Professor earns sciences award


Anita Jones, University professor emerita of computer science, was selected earlier this week to receive the American Association for the Advancement of Science’s highest distinction for her work in her field.

AAAS gives this award annually “to either a public servant, in recognition of sustained exceptional contributions to advancing science, or to a scientist whose career has been distinguished both for scientific achievement and for other notable services to the scientific community,” according to the organization’s website.

Computer Science Department Chair Kevin Skadron said he sees the award as “primarily a recognition of the huge breadth of [Jones’s] impact, spanning technical, mentorship and policy roles.”

After graduating from Rice University, Jones received her Ph.D. in Computer Science from Carnegie Mellon University in 1973. While serving as an associate professor at Carnegie Mellon, Jones and her research group developed the operating system for the first large-scale multiprocessor computer system, Skadron said. Jones also co-founded software company Tartan Laboratories, which she and her husband later sold to Texas Instruments in 1987.

In 1988 she came to the University as a professor and chair of the Department of Computer Science. Skadron said Jones’ entrance transformed the entire department. “Many aspects of her legacy are still part of the foundation of the department … especially … the emphasis on collegiality and collaboration,” he said.

From 1993 to 1997 Jones took leave from the University to serve as director of defense research and engineering at the Department of Defense.

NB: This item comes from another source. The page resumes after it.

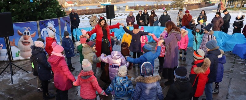 Сьогодні біля головної ялинки міста малеча з батьками зібралися на святкове дійство, присвячене Новому року. Дід Мороз, Снігуронька і відьмочки забавляли дітей, проводили конкурси, водили хоровод, а також частували малечу солодощами.
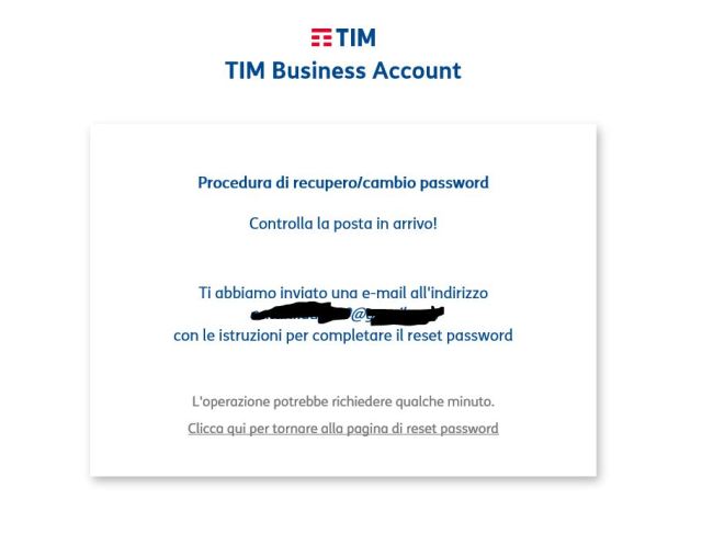 Selezionare Recupero password indicando come email quella medesima inserita nella precedente procedura di richiesta del TIMid.

“[She was] roughly equivalent to the authority of a four-star general, and [was] responsible for oversight of DOD’s entire research and technology program,” Skadron said.

After her official retirement in 2010, Jones remained involved with the University, but also devoted time to training young women in computer science.

“It is terrific that Professor Jones is receiving this prestigious and well-deserved honor from AAAS,” said James Hilton, University vice president and chief information officer, in an email. “It draws attention to her work and service and adds to the University’s reputation.”

The award was established in 1985 in honor of the association’s longtime senior advisor, Phillip Hauge Abelson.

Jones will receive the award, along with a cash prize of $5,000 on February 15 at the 2013 AAAS Annual Meeting in Boston, Massachusetts.